At first, Dimensional Analysis is done to find out the equation strategy. This has been called dimensional analysis of vector equations . This is done as follows:

Since distance based calculation is involved ,   

distance / time = velocity ,which is a vector 

Hence [VT] = a constant (distance)

Hence the length between ' B' and 'P' in the figure ,which is 'BC' has to be found out . 

3-Dimensional approach to this 2-d problem is drawn below

Time at B = Time at P ( for raft (wooden log) and boat respectively)

Time = Distance / Velocity ; 

Therefore,  (l-BC)/Velocity raft  =  AP / Velocity P = 60 min

That means, (6 - BC )/V raft = 60 minutes = 1hour

V raft = (6 - BC) / 1

   As per modern trigonometry,                                                             

 ( Hypotnuese - square ) =( Base - square) + ( Altitude -square)

As per modern Trigonometry, Hypotnuese is 2 times bigger than altitude and base for unity triangle ( which is 1 mm in base )

Now, Indian Mathematics suggests ,PASCAL'S TRIANGLE for solving Trigonometry problems that are unknown to calculation.

In this Triangle, there are fifteen numerals altogether till the fifth degree as shown above. This shows that Indian Approach is based on intense mathematical calculation using a repetitive algorithm ,which is used in modern day, Computer program 

Here ,1 + 4 = 5 , but 6 is given ,Hence, we are showing it as given above in Pascals image .

Now if you calculate diagonally, these numbers can introduce you to Trigonometry ,which is as shown below

                      1  4  5  9  5       , which is known as Pascal's rule in trigonometry.  ( Inclined indicates triangular formation using number digits.)

So,  1 (square ) + 4 ( square ) = square root ( 17) which indicates that square has to be used diagonally in the Pascal's format shown above.

So , 1   2  √3  in triangle calculation becomes 1  2  3 as shown in Pascal's Triangle above ( diagonally)

So, Above BC becomes 3 ( And that is the Solution )

PHYSICS - OBJECTIVE -6

 13. The shown p-V diagram represents the thermodynamic cycle of an engine,operating with an ideal monoatomic gas. The amount of heat, extracted from the source in a single cycle is 

In the above thermodynamic cycle, input energy is at constant pressure (isentropic) .

So Q1=Heat input ; Q1 = nCpΔT

Cp =5/2 R for monoatomic gas (R is the Avagadro constant)

So, Q1 =5/2nRΔT

Similarly ,Q2 = Heat rejected ; Q2=nCvΔT0

Cp - Cv = R ; So, Cv=5/2R - R =3/2R

Hence, Q2 =3/2nRΔT0

Now , from the graph ΔT = 2ΔT0

Q1 + Q2 = 5/2nR x2ΔT + 3 /2nRΔT = 13/2RΔT

Now , from ideal gas equation PV =nRT

So, RΔT =PΔV

Hence we can deduce , 

Q1 + Q2 = 13/2PV0

So, the answer is (b)

 EXPLANATION: Here, the engine cycle can be approximated to Otto cycle .Here the input is at constant pressure (hence it is isentropic) The output is at constant volume (which is adiabatic).Here the automobile engine undergoes huge pressure difference ,since it is controlled combustion. 

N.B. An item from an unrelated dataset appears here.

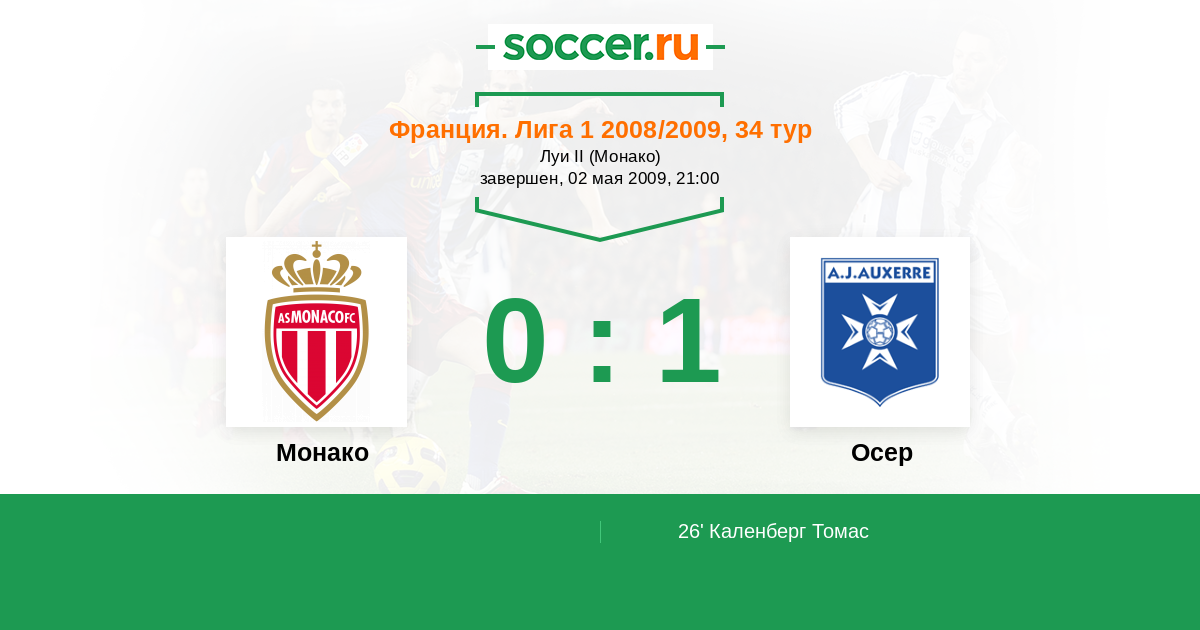 Франция. Лига 1 10.05.2008 Монако Логотип футбольный клуб Монако 3:0 Логотип футбольный клуб Осер Осер

So, my point is the same amount of engine volume has been displaced at the input and output strokes.This shows that the automobile is having fairly low efficiency ( efficiency is low). This problem results in huge pollution since output gases are heavily unfinished(unburned) while undergoing combustion in the piston combustion chamber.This process is completed by addition of muffler to exhaust which reduces the sound of expulsion of output gases ( gases which has particles suspended in it )

PHYSICS - OBJECTIVE -5

12. A block of mass m is on an inclined plane of angle θ.The coefficient of friction between the block and the plane is μ and tan θ > μ.The block is held stationary by applying a force P parallel to the plane. The direction of force pointing up the plane is taken to be positive.As P is varied from P1 = mg (sinθ - μ cosθ) to P2 = mg (sinθ + μ cosθ), the frictional force f versus P graph will look like 

 

The above question is from Strength of Materials in engineering.Here there are four choices.One has to find out the correct choice as shown above.

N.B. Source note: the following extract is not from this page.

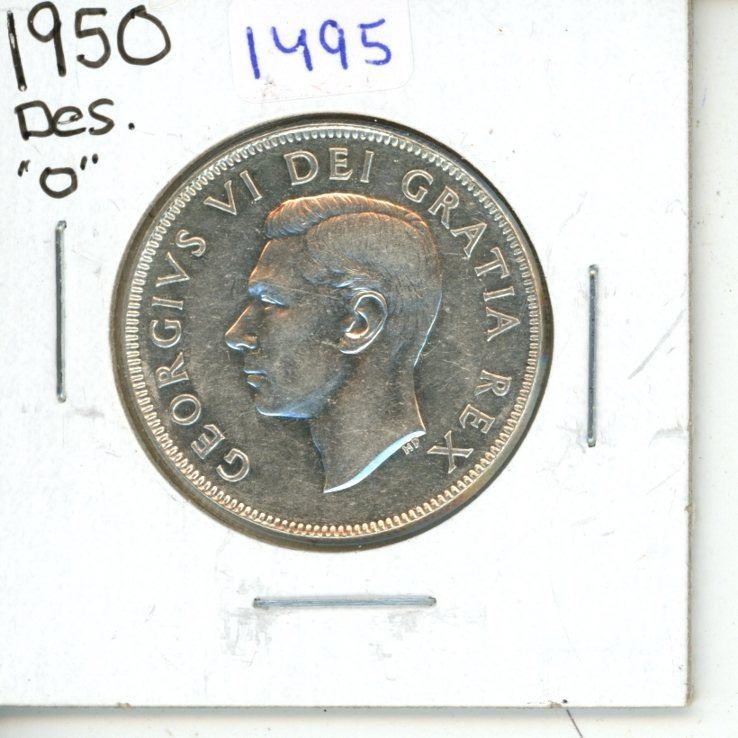 1950 silver Design 0 Canadian Fifty Cents.

Here we are plotting the stress-strain diagram known as Shear stress diagram .This is of five types. They are as follows:

1. Shear stress diagram of indeterminate nature

Here the Shear (bending moment) is centre-shear .This means the beam is uncontrolled by nature which is end supported with fixed hinges.So here the solution is as in (b)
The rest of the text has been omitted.